- _HOW TO COMPLETE THIS TASK_: Exclude every picture. Output verbatim the lines from the one containing "셔틀버스가 기다리고 있거나" to the end of the data.

BEGIN

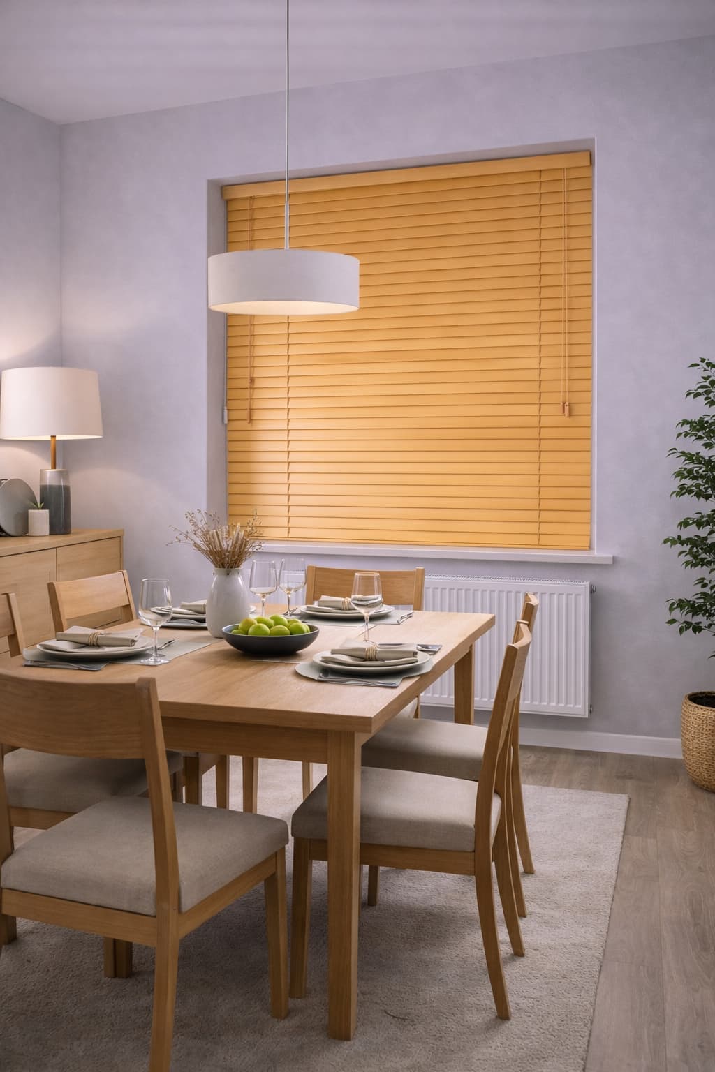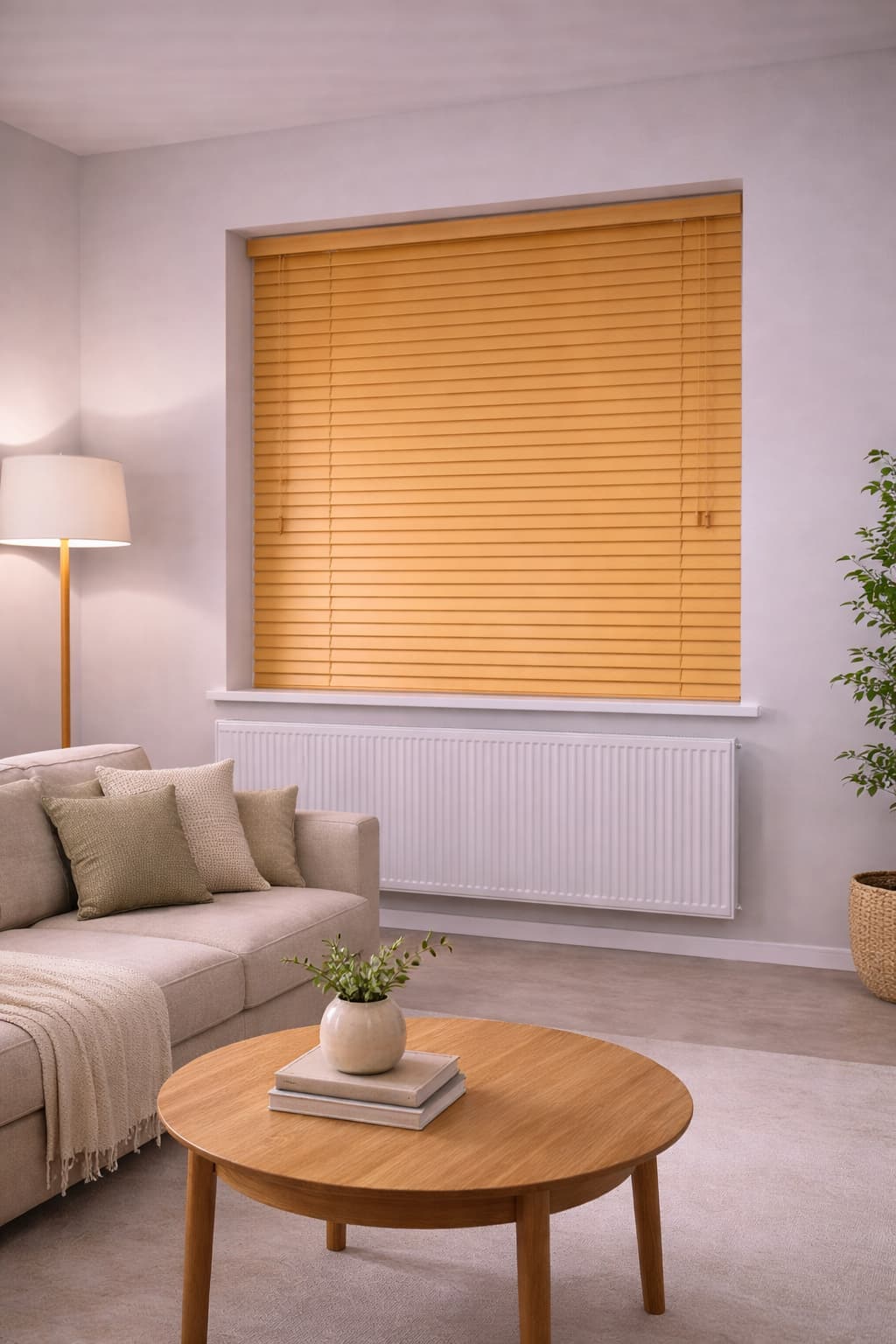 Jasnobrązowe żaluzje drewniane o szerokości lameli 25 mm stanowią świetną ochronę przed wzrokiem osób z zewnątrz. Umożliwiają zarówno częściowe ograniczenie widoczności, jak także pełne zaciemnienie wnętrza.
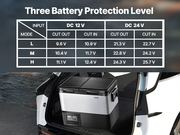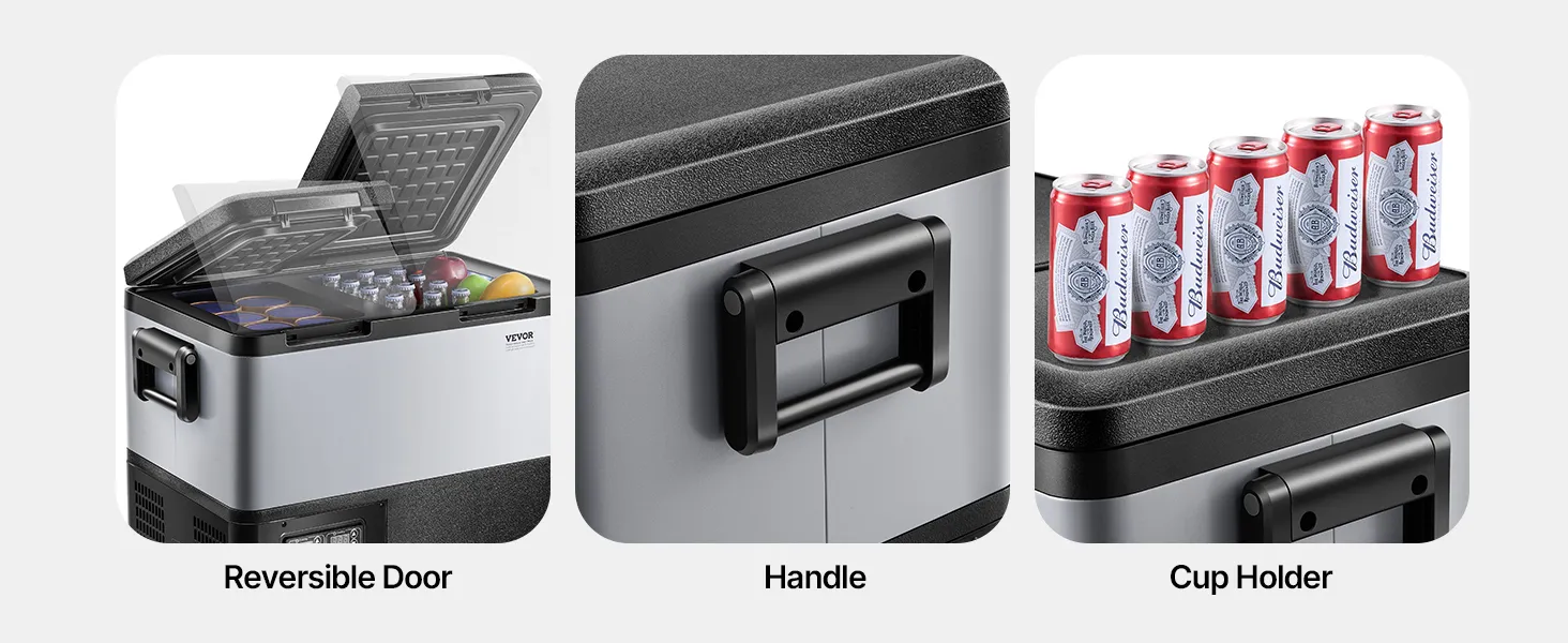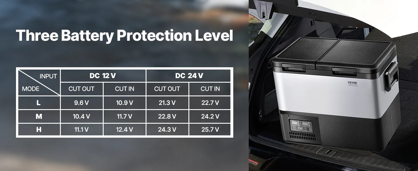 Dual Modes & Battery Protection: This car refrigerator has two modes: MAX mode (60W) and ECO mode (50W). It also features battery protection (with three levels available) to ensure the security and longevity of your vehicle’s battery. You can enjoy using the refrigerator on your trip without worrying about excessive battery consumption.
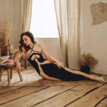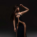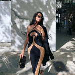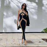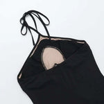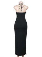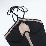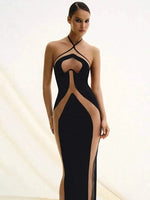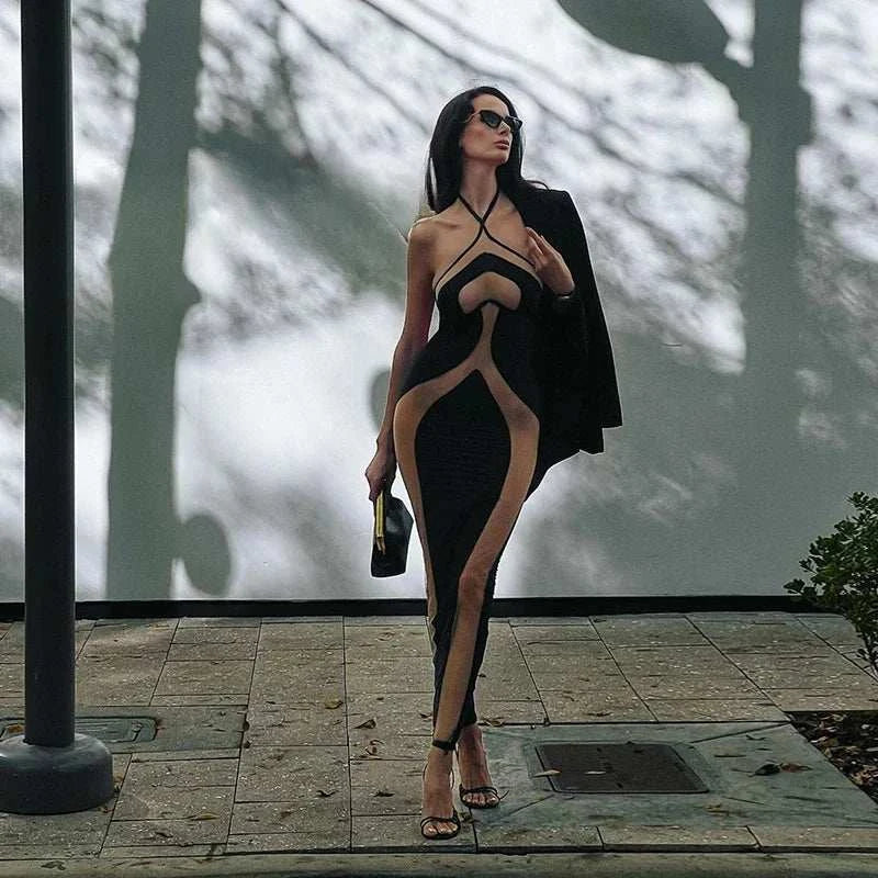 Mesh Patchwork Halter Neck Dresses for Women Sexy Lace-up Backless See-through Evening Dress Sleeveless Backless Long Party Robe
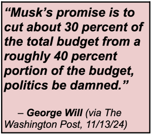 Musk says he can cut “at least” $2 trillion from federal spending — say, one dollar in three. (Fiscal 2024 spending: $6.75 trillion.) Well.
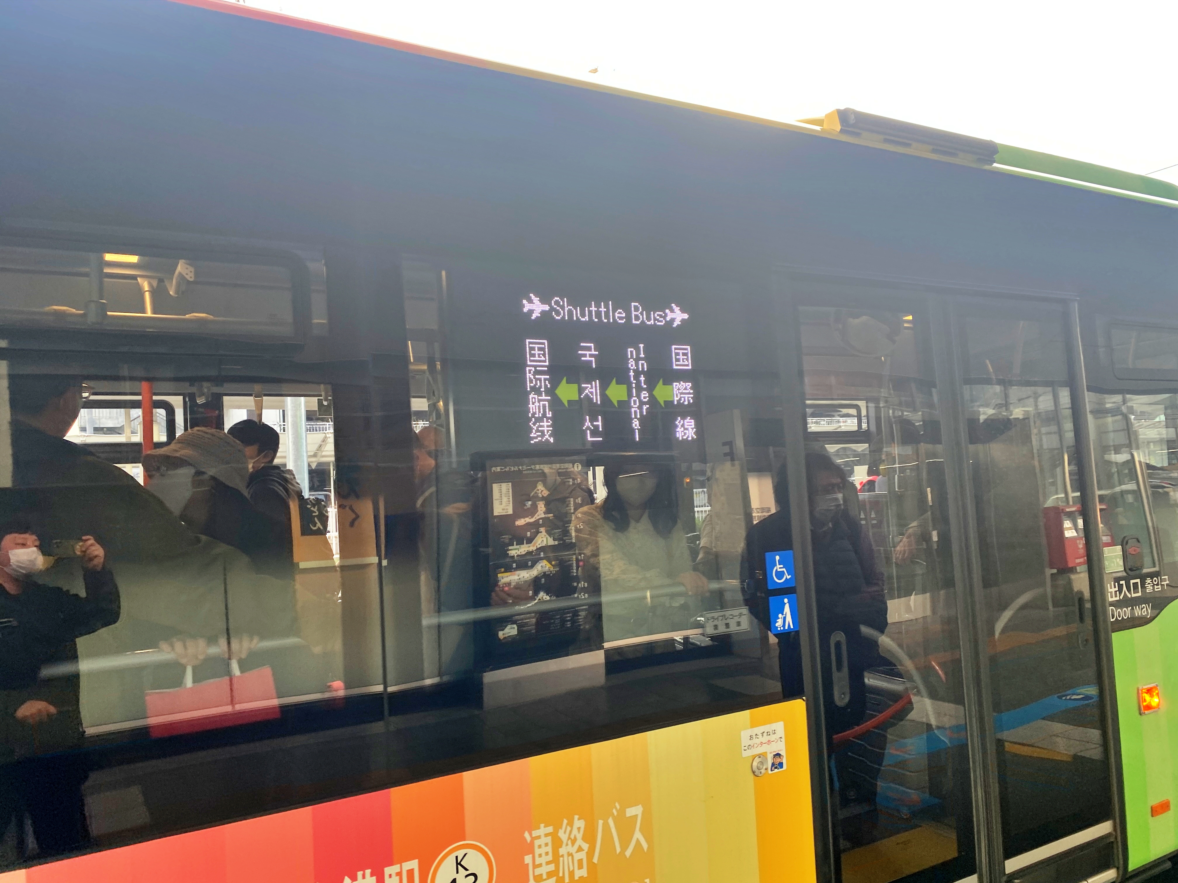 셔틀버스가 기다리고 있거나 없어도 정류장에서 기다리면 바로 옵니다. 소요시간은 정확히 10분이 걸립니다. 중간에 화물터미널에서 정차하기도 하지만, 출근하는 일부 직원들을 제외하곤 대부분 국제선 터미널에서 하차합니다.
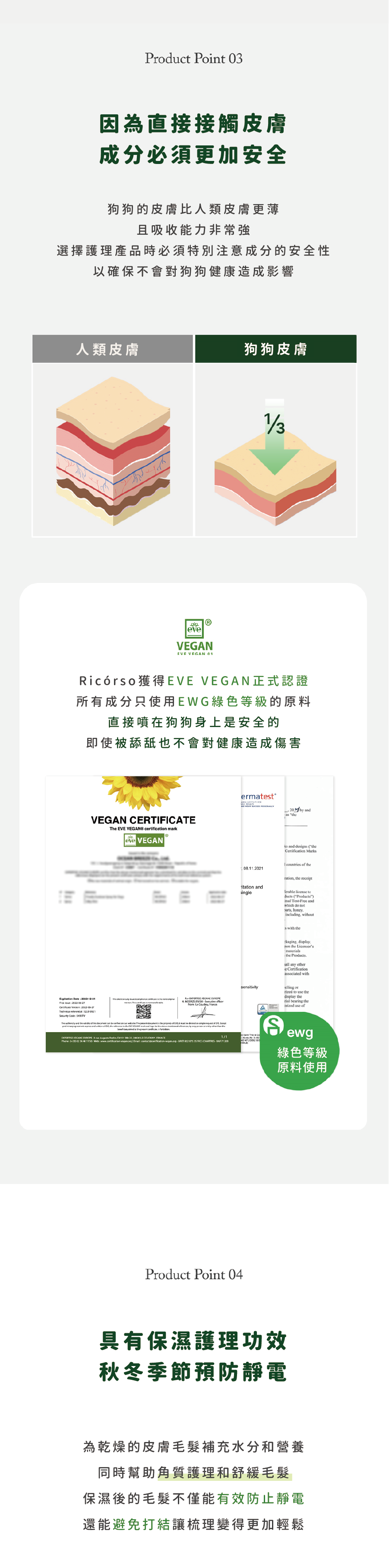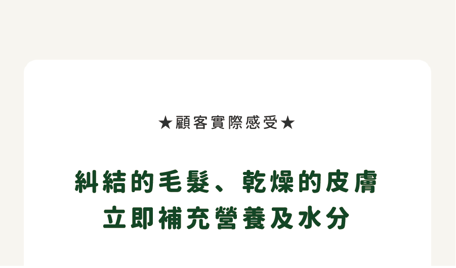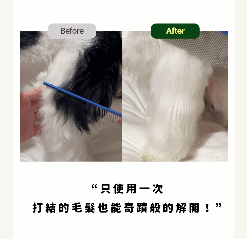 * 產品說明:滋潤寵物肌膚與保持毛髮的光澤與柔順,梳理時搭配梳子使用可有效降低拉扯,減少毛髮打結及預防靜電,並為毛髮皮膚帶來營養。

END

- _TASK RESPONSE_:
 셔틀버스가 기다리고 있거나 없어도 정류장에서 기다리면 바로 옵니다. 소요시간은 정확히 10분이 걸립니다. 중간에 화물터미널에서 정차하기도 하지만, 출근하는 일부 직원들을 제외하곤 대부분 국제선 터미널에서 하차합니다.
 * 產品說明:滋潤寵物肌膚與保持毛髮的光澤與柔順,梳理時搭配梳子使用可有效降低拉扯,減少毛髮打結及預防靜電,並為毛髮皮膚帶來營養。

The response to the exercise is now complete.